Holonomy of a curve in case of principal $U(1)$ bundle Suppose $\pi : P\rightarrow M$ is principal $U(1)$ bundle. Let $\gamma$ be a loop in $M$ based at $x_0$ and write $iA$ as connection 1-form on $P$ where $A\in \Omega(P)$. Now define $hol_{\gamma}(A)\in U(1)$ as follows: let $\tilde{\gamma}$ be a horizontal lift of $\gamma$ with $\tilde{\gamma}(0)=p_0$ and $\pi(p_0)=x_0$. Then there is a unique element $hol_{\gamma}(A)$ in $U(1)$ such that $\tilde{\gamma}(1)=p_0\cdot hol_{\gamma}(A)$ because the action is free and transitive. 
I now want to calculate explicitly what is this number $hol_{\gamma}(A)$. I know already it has to be $hol_{\gamma}(A)=e^{i\int_{\gamma}A}$, but I have no idea how this is calculated as I am new to holonomy. Any hint is useful for me. Thanks
 A: Given a loop $\gamma: S^1 \to M$, we can form the pullback bundle $\gamma^*P$ with pullback connection $\gamma^*A$. The holonomy of the pullback along the identity loop $S^1 \to S^1$ is the same as the holonomy of the original connection along the original loop $\gamma$. The bundle is now trivial (there's only one $U(1)$-bundle over $S^1$) and the connection form we'll still call $iA$. Consider the torus for now as $\Bbb R^2/2\pi\Bbb Z^2$. 

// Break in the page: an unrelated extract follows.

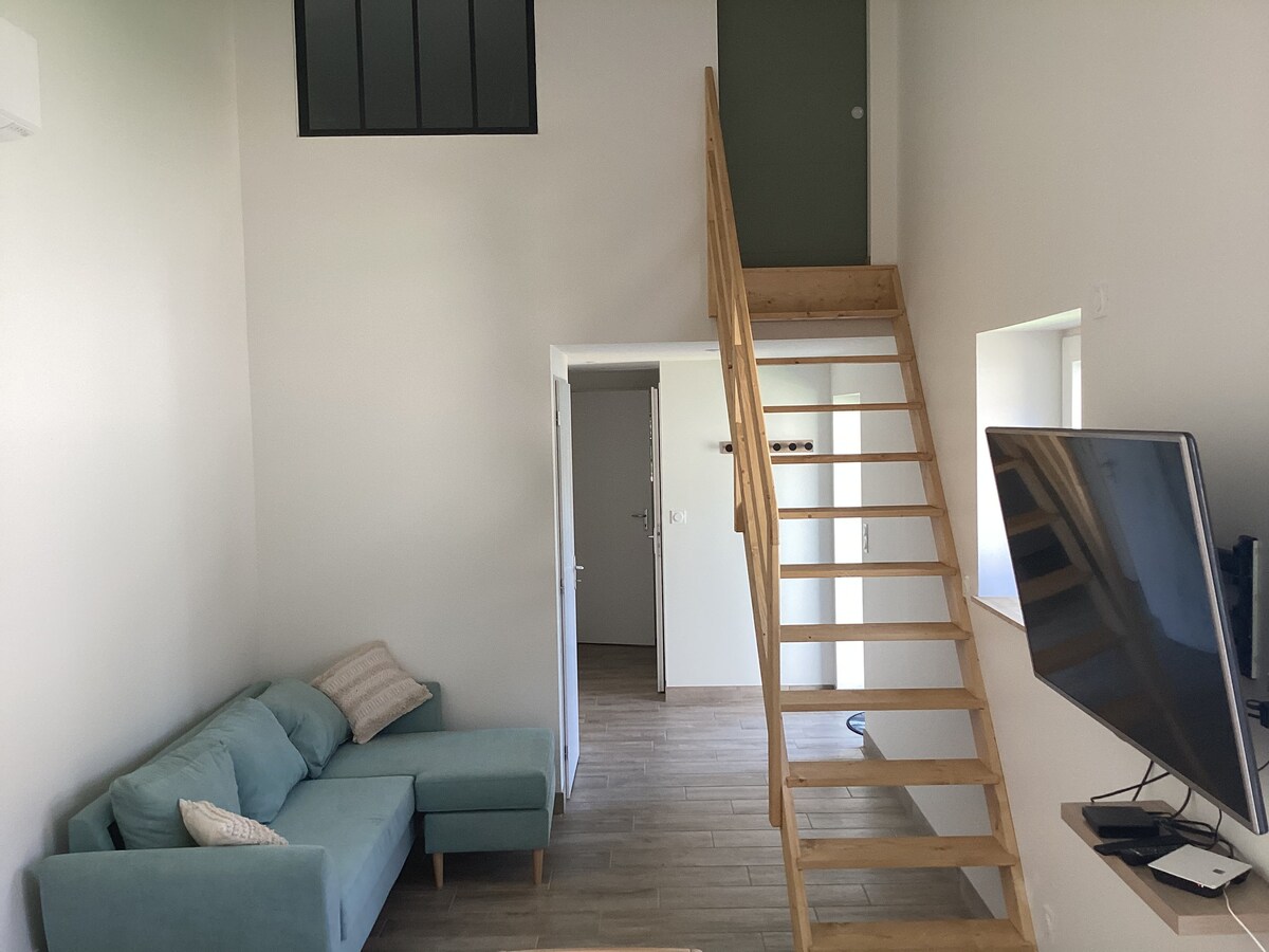 Enten du er sammen med familie, venner eller på forretningsreiser (for å redusere kostnadene). Vi ønsker deg velkommen til vår renoverte gårdsbygning. Plassert i en rolig blindvei uten naboer som kan se inn. Leilighet med to soverom, stue utstyrt med et ekte snookerbiljardbord, bar, dart og brettspill, bokhylle og lesekrok. Ute finner du et uoppvarmet svømmebasseng som er åpent fra april til september, en petanque-bane og et bordtennisbord. Én terrasse med utsikt over bassenget og én med utsikt over gårdsplassen. Sikker parkering.

If $iA$ is explicitly $f(t)dt + d\theta$, $d\theta$ the canonical 1-form on the circle fibers, the kernel at $T_{t,\theta}$ is those points of the form $(s,-f(t)s)$. We can then see explicitly that a horizontal lift is given by a curve with derivative $\eta'(t) = (1,-f(t))$; and we can explicitly write this down as $\eta(t) = (t, -\int_{0}^t f(s)ds)$. Thus $\eta(1) = (1, - \int_0^1 f(t)dt)$. Now this says that the holonomy is $$- \int_0^1 f(t)dt \pmod 1.$$ But that's just because here I'm considering the circle fiber to be $\Bbb R/2\pi \Bbb Z$; the canonical isomorphism $\Bbb R/2\pi \Bbb Z \to S^1$ is precisely the exponential map, giving you the desired holonomy $$e^{-\int_\gamma iA}.$$